▸ **ASSIGNMENT**
Your answer must hold only the lines below from the line containing "Wir wünschen Euch" through the line containing "Шурупы оцинкованные, универсальные", each reproduced exactly.

▸ **RAW DATA**
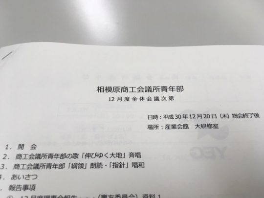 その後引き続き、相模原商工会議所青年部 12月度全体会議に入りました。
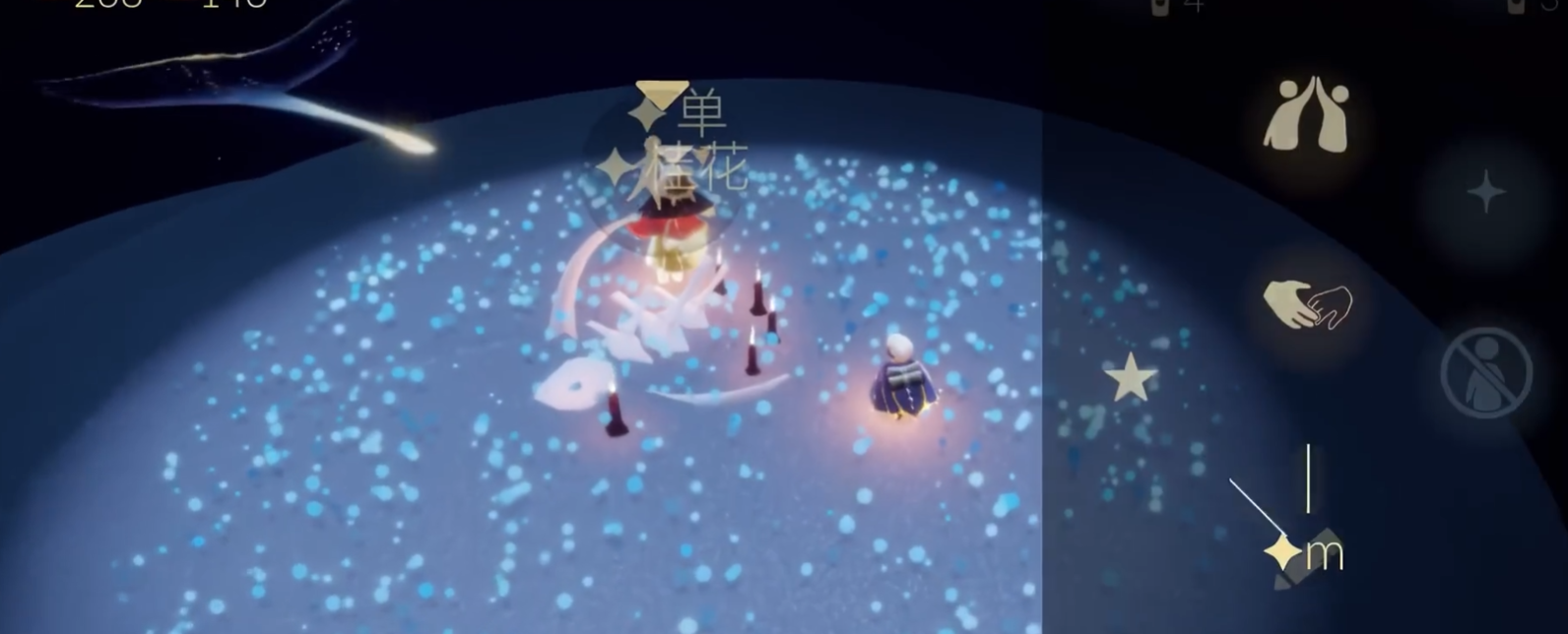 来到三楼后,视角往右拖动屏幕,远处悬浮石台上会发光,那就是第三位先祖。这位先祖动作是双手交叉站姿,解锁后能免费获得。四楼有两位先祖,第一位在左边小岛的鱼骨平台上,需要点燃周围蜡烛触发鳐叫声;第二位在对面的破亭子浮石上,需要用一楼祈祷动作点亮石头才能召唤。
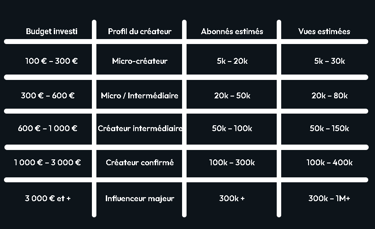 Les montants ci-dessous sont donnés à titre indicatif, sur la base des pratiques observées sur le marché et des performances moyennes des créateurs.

* * *

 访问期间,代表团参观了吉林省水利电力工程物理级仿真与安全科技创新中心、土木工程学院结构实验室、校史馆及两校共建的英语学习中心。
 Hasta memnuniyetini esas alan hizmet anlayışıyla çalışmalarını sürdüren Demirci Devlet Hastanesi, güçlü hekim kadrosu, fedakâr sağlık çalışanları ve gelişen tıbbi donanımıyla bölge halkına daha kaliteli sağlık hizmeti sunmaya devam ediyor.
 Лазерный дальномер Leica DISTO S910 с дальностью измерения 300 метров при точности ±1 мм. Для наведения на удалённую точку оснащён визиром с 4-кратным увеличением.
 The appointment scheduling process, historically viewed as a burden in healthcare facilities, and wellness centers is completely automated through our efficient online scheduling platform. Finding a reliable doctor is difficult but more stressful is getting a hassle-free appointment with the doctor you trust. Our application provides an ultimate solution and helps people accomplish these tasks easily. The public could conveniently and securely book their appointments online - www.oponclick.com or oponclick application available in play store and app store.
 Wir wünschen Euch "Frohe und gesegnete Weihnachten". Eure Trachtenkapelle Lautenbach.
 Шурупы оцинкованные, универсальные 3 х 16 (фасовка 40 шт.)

▸ **EXPECTED ANSWER**
 Wir wünschen Euch "Frohe und gesegnete Weihnachten". Eure Trachtenkapelle Lautenbach.
 Шурупы оцинкованные, универсальные 3 х 16 (фасовка 40 шт.)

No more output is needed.